Within 24 hours after severe head injury, the P(bt)O(2) was significantly lower (9.6 mm Hg+/-6.8 mm Hg, 1 mm Hg=0.133 kPa) than the normal value (16-40 mm Hg). After treatment of mild hypothermia, the mean P(bt)O(2) increased to 28.7 mm Hg+/-8.8 mm Hg during the first 24 hours, and the P(bt)O(2) was still maintained within the range of normal value at 3 days after injury. The BT was higher than the RT in the patients in acute phase of severe head injury, and the difference between the BT and the RT significantly increased after treatment of mild hypothermia. Hyperventilation (the partial pressure of carbon dioxide in artery (P(a)CO(2)) approximately 25 mm Hg) decreased the high intracranial pressure (ICP) and significantly decreased the P(bt)O(2).

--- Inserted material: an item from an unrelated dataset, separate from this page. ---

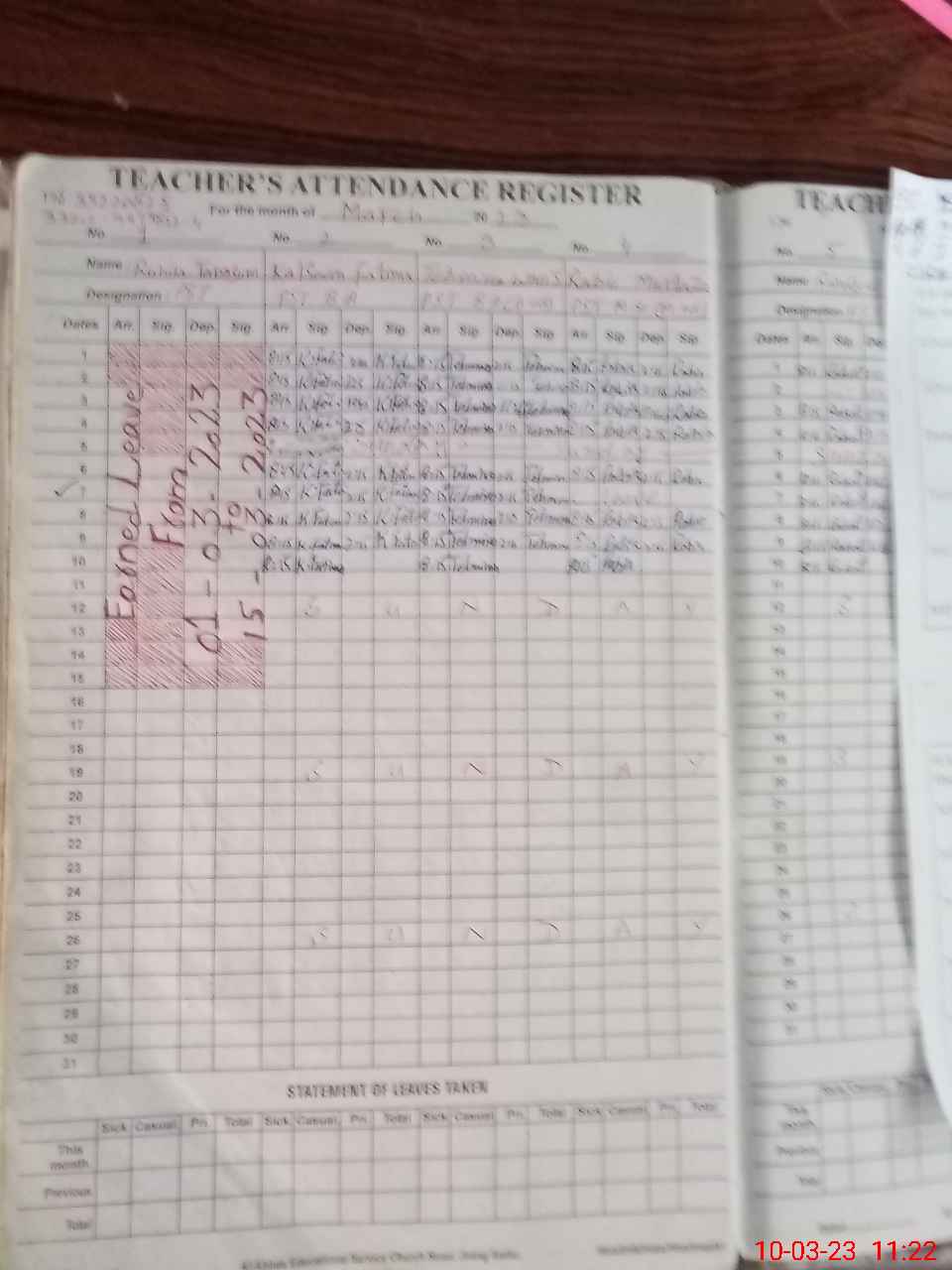| Leave | Duty | Absent | Maternity | Medical | Ex- Pak |

This study demonstrates that P(pt)O(2) and BT monitoring is a safe, reliable and sensitive diagnostic method to follow cerebral oxygenation. It might become an important tool in our treatment regime for patients in the acute phase of severe head injury requiring hypothermia and hyperventilation.
Chinese Journal of Traumatology (English Edition) 03/2002; 5(1):43-5.